Although Beetlejuice is the name on the marquee, it is Lydia who tops the programme’s cast list. And rightly so. She is the dramatic heart of the story and Nordberg, an American actor whose TV credits include HBO’s Euphoria, makes her major stage debut with considerable aplomb and maturity. Whether performing a phenomenal solo on “Dead Mom” or sparring with Fynn in the entertaining “Creepy Old Guy”, she is an absolute treat to watch.
The two co-producers make their presence felt in very different ways: the big-budget set design reflects the deep pockets of the Warner Brothers empire while the campy feel is traceable to Crossroads Live’s sibling firm Crossroads Pantomime, which touts itself as the world’s biggest pantomime producer. That combination – Hollywood money and cabaret knowingness – describes the show’s pleasures and its limitations in roughly equal measure.

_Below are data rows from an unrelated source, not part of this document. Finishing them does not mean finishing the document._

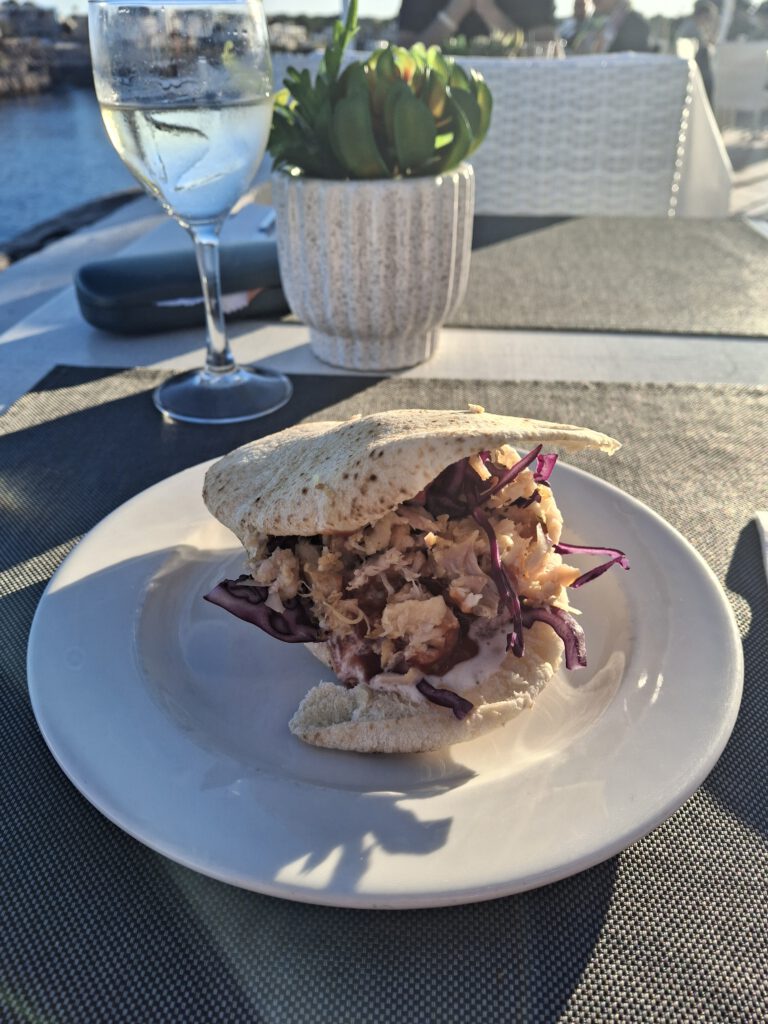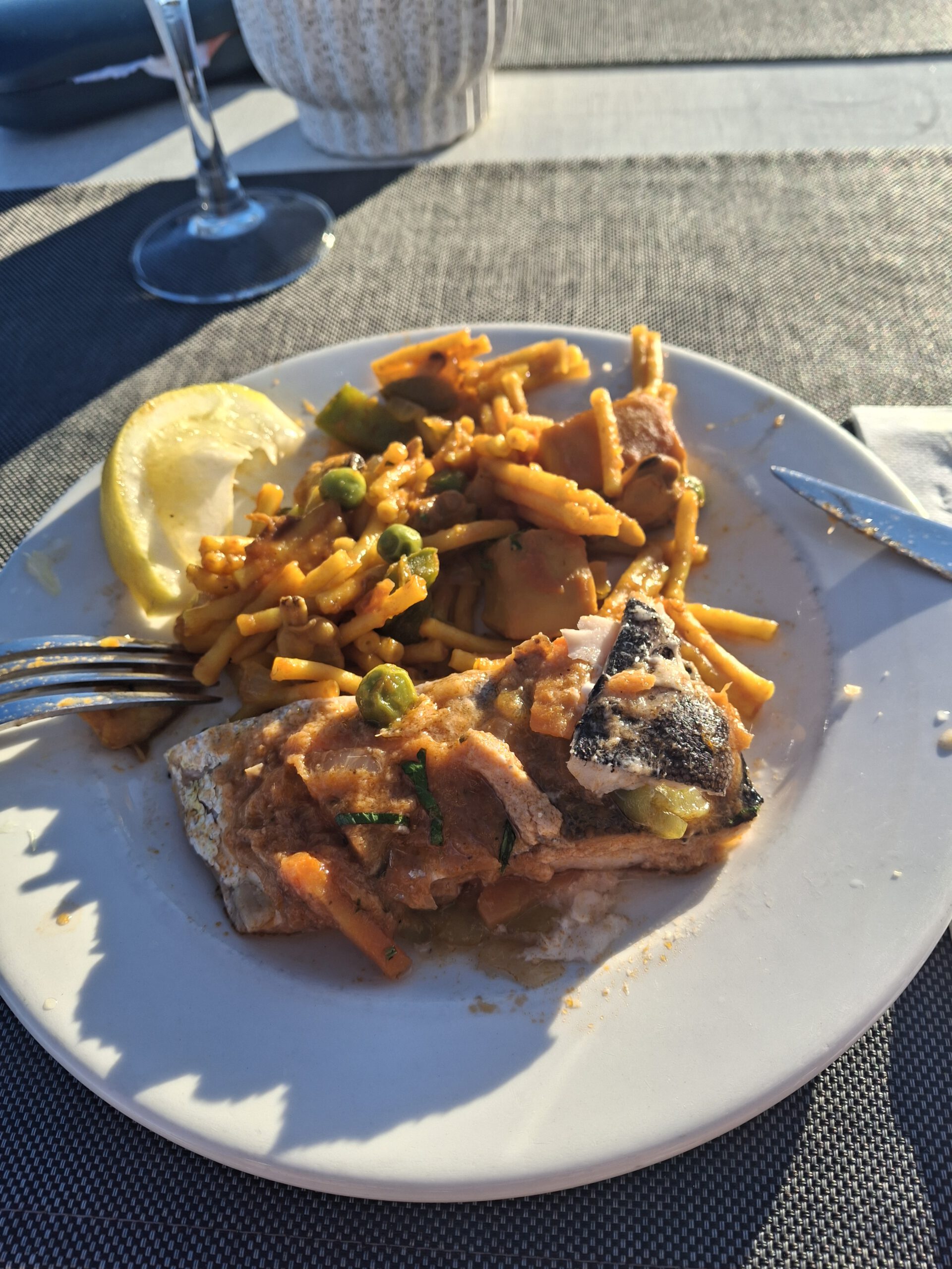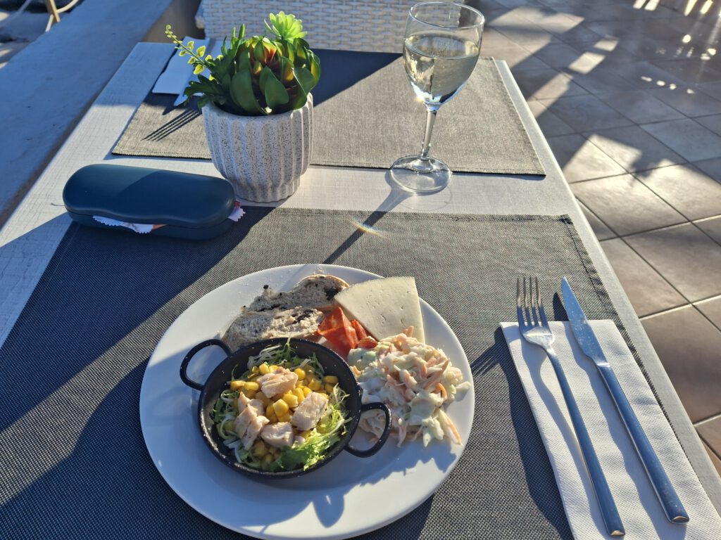 Ohne eine großartige Pause trat ich in der kleinen Sandbucht Cala sa Nau den Rückweg an und erreichte das Hotel nach insgesamt etwa 4 Stunden wieder. Dort dann etwas rum-lümmeln im Zimmer, den Bericht hier von gestern unten in der Lobby schreiben, duschen, mit Jutta telefonieren und aufs Abendessen warten! 😉 Das war wie immer lecker und abwechslungsreich.
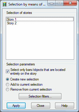 The top of the dialog lets you select structure elements using stories. These elements include: nodes, bars, objects, or finite elements.
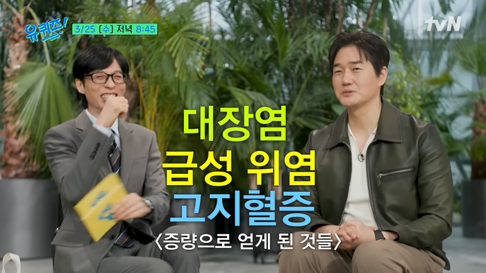 유지태는 “증량을 위해 고칼로리 음식을 많이 먹었다. 그러다 보니 고지혈증, 급성위염, 대장염 등이 생겼다”고 털어놨다.

What you are left with is a production that is less than the sum of its parts. David Korins’s design is inventive, Fynn is tireless, and Nordberg is a genuine star in the making. But Brown and King’s determination to sand down Burton’s anarchic, plot-indifferent original into a sweary grief narrative is a misreading of what made the film worth adapting in the first place. Beetlejuice was always funny because it didn’t care; this version cares rather too much. Come for the performances and the spectacle, leave before you start asking whether any of it needed to exist.